Task:
Images are not part of the copy; transcribe all the data exactly.

Given data:
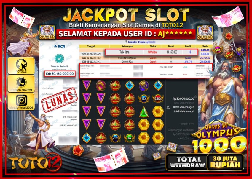 Selamat kepada Member Kami Aj**** Telah Jackpot dan berhasil mendapatkan kemenangan besar pada permainan JACKPOT SLOT GAME (GATES OF OLYMPUS 1000) Dengan Kemenangan Sebesar Rp.30.160.000–.
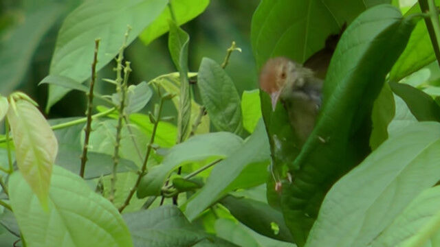 その名の通り、人間のような裁縫をする鳥、サイホウチョウの巣作りの様子。
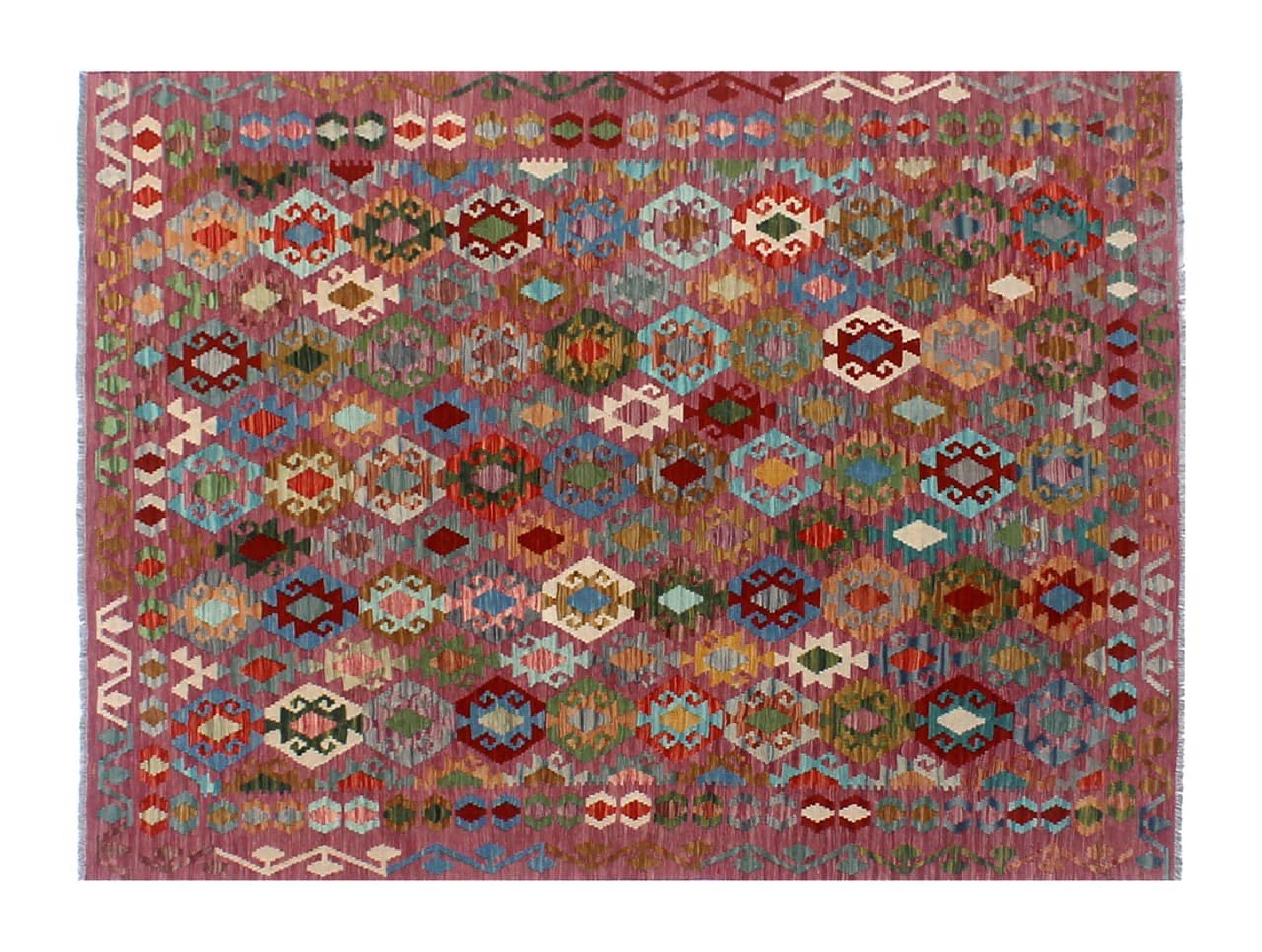 These Kilim rugs have a significant difference from hand-knotted rugs—they are handwoven. As a result, they do not have a high pile of wool and are often flatter and rougher than knotted wool rugs. Their construction is less intricate, making them generally much more affordable. Additionally, Kilim rugs are much lighter and can be laid out on either side. Handwoven Kilims originally come from what was once Persia and are now also widely produced in Afghanistan. They typically feature simple, straight-line patterns, which are characteristic of their weaving technique.

Finished exercise:
 Selamat kepada Member Kami Aj**** Telah Jackpot dan berhasil mendapatkan kemenangan besar pada permainan JACKPOT SLOT GAME (GATES OF OLYMPUS 1000) Dengan Kemenangan Sebesar Rp.30.160.000–.
 その名の通り、人間のような裁縫をする鳥、サイホウチョウの巣作りの様子。
 These Kilim rugs have a significant difference from hand-knotted rugs—they are handwoven. As a result, they do not have a high pile of wool and are often flatter and rougher than knotted wool rugs. Their construction is less intricate, making them generally much more affordable. Additionally, Kilim rugs are much lighter and can be laid out on either side. Handwoven Kilims originally come from what was once Persia and are now also widely produced in Afghanistan. They typically feature simple, straight-line patterns, which are characteristic of their weaving technique.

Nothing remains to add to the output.